Sessionization with Event-Based Windows
Sessionization, a special case of event-based windows, is a feature often used to analyze click streams, such as identifying web browsing sessions from recorded web clicks.
In Vertica, given an input clickstream table, where each row records a Web page click made by a particular user (or IP address), the sessionization computation attempts to identify Web browsing sessions from the recorded clicks by grouping the clicks from each user based on the time-intervals between the clicks. If two clicks from the same user are made too far apart in time, as defined by a time-out threshold, the clicks are treated as though they are from two different browsing sessions.
Example Schema
The examples in this topic use the following WebClicks schema to represent a simple clickstream table:
CREATE TABLE WebClicks(userId INT, timestamp TIMESTAMP); INSERT INTO WebClicks VALUES (1, '2009-12-08 3:00:00 pm'); INSERT INTO WebClicks VALUES (1, '2009-12-08 3:00:25 pm'); INSERT INTO WebClicks VALUES (1, '2009-12-08 3:00:45 pm'); INSERT INTO WebClicks VALUES (1, '2009-12-08 3:01:45 pm'); INSERT INTO WebClicks VALUES (2, '2009-12-08 3:02:45 pm'); INSERT INTO WebClicks VALUES (2, '2009-12-08 3:02:55 pm'); INSERT INTO WebClicks VALUES (2, '2009-12-08 3:03:55 pm'); COMMIT;
The input table WebClicks
contains the following rows:
=> SELECT * FROM WebClicks; userId | timestamp --------+--------------------- 1 | 2009-12-08 15:00:00 1 | 2009-12-08 15:00:25 1 | 2009-12-08 15:00:45 1 | 2009-12-08 15:01:45 2 | 2009-12-08 15:02:45 2 | 2009-12-08 15:02:55 2 | 2009-12-08 15:03:55 (7 rows)
In the following query, sessionization performs computation on the SELECT list columns, showing the difference between the current and previous timestamp value using LAG()
. It evaluates to true and increments the window ID when the difference is greater than 30 seconds.

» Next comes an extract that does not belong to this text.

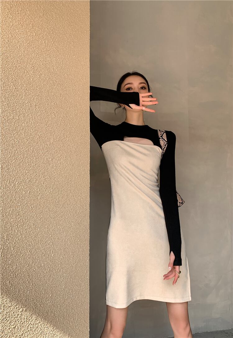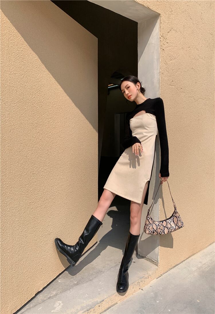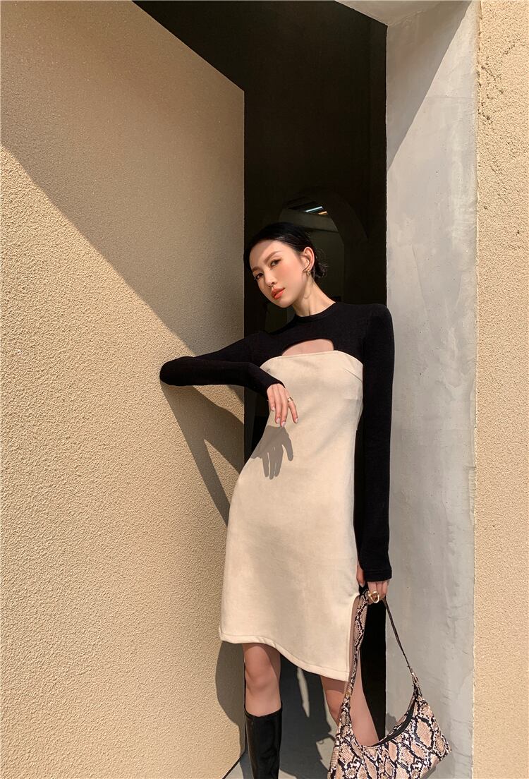 胸元スリットワンピース ワンピース ドレス 長袖ワンピース スエード ニット コントラストカラー トレンド a3347

=> SELECT userId, timestamp, CONDITIONAL_TRUE_EVENT(timestamp - LAG(timestamp) > '30 seconds') OVER(PARTITION BY userId ORDER BY timestamp) AS session FROM WebClicks; userId | timestamp | session --------+---------------------+--------- 1 | 2009-12-08 15:00:00 | 0 1 | 2009-12-08 15:00:25 | 0 1 | 2009-12-08 15:00:45 | 0 1 | 2009-12-08 15:01:45 | 1 2 | 2009-12-08 15:02:45 | 0 2 | 2009-12-08 15:02:55 | 0 2 | 2009-12-08 15:03:55 | 1 (7 rows)
In the output, the session column contains the window ID from the CONDITIONAL_TRUE_EVENT function. The window ID evaluates to true on row 4 (timestamp 15:01:45), and the ID that follows row 4 is zero because it is the start of a new partition (for user ID 2), and that row does not evaluate to true until the last line in the output.

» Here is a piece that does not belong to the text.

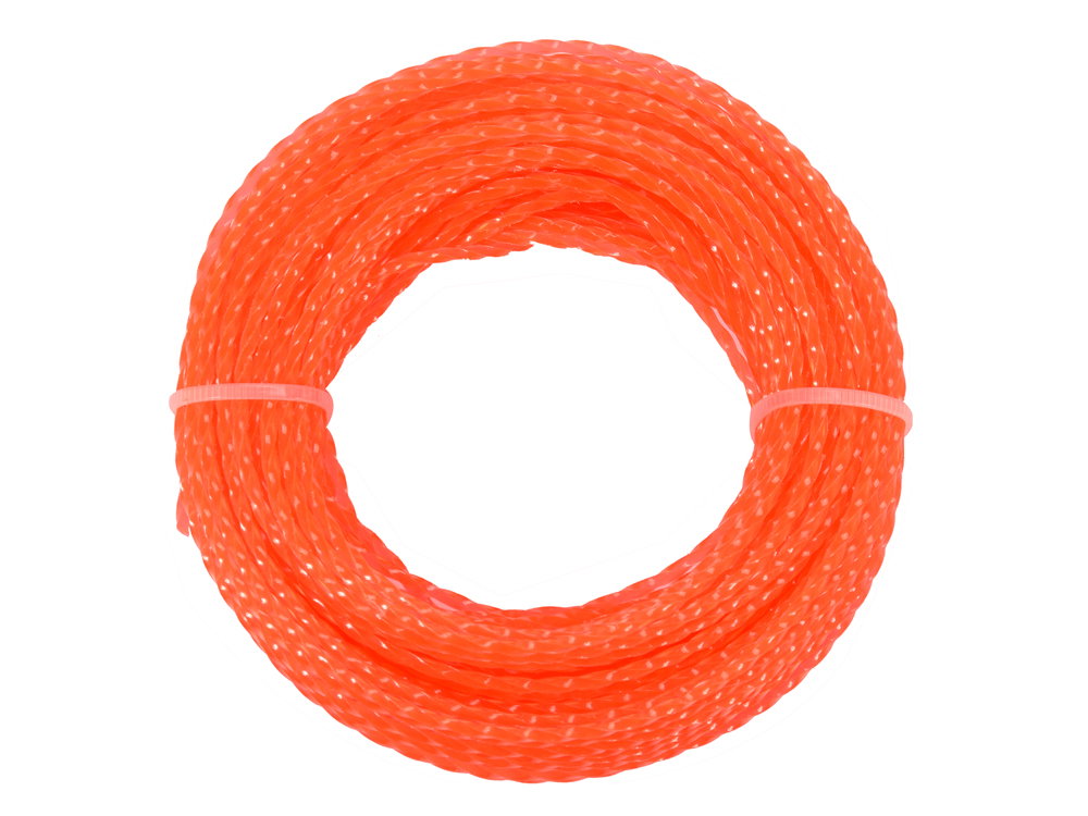 Żyłka tnąca do kos i podkaszarek - przekrój kwadratowy dodatkowo skręcony - o grubości 2 mm i długości 15 metrów.

You might want to give users different time-out thresholds. For example, one user might have a slower network connection or be multi-tasking, while another user might have a faster connection and be focused on a single Web site, doing a single task.
To compute an adaptive time-out threshold based on the last 2 clicks, use CONDITIONAL_TRUE_EVENT with LAG to return the average time between the last 2 clicks with a grace period of 3 seconds:
=> SELECT userId, timestamp, CONDITIONAL_TRUE_EVENT(timestamp - LAG(timestamp) > (LAG(timestamp, 1) - LAG(timestamp, 3)) / 2 + '3 seconds') OVER(PARTITION BY userId ORDER BY timestamp) AS session FROM WebClicks; userId | timestamp | session --------+---------------------+--------- 2 | 2009-12-08 15:02:45 | 0 2 | 2009-12-08 15:02:55 | 0 2 | 2009-12-08 15:03:55 | 0 1 | 2009-12-08 15:00:00 | 0 1 | 2009-12-08 15:00:25 | 0 1 | 2009-12-08 15:00:45 | 0 1 | 2009-12-08 15:01:45 | 1 (7 rows)
You cannot define a moving window in time series data. For example, if the query is evaluating the first row and there’s no data, it will be the current row. If you have a lag of 2, no results are returned until the third row.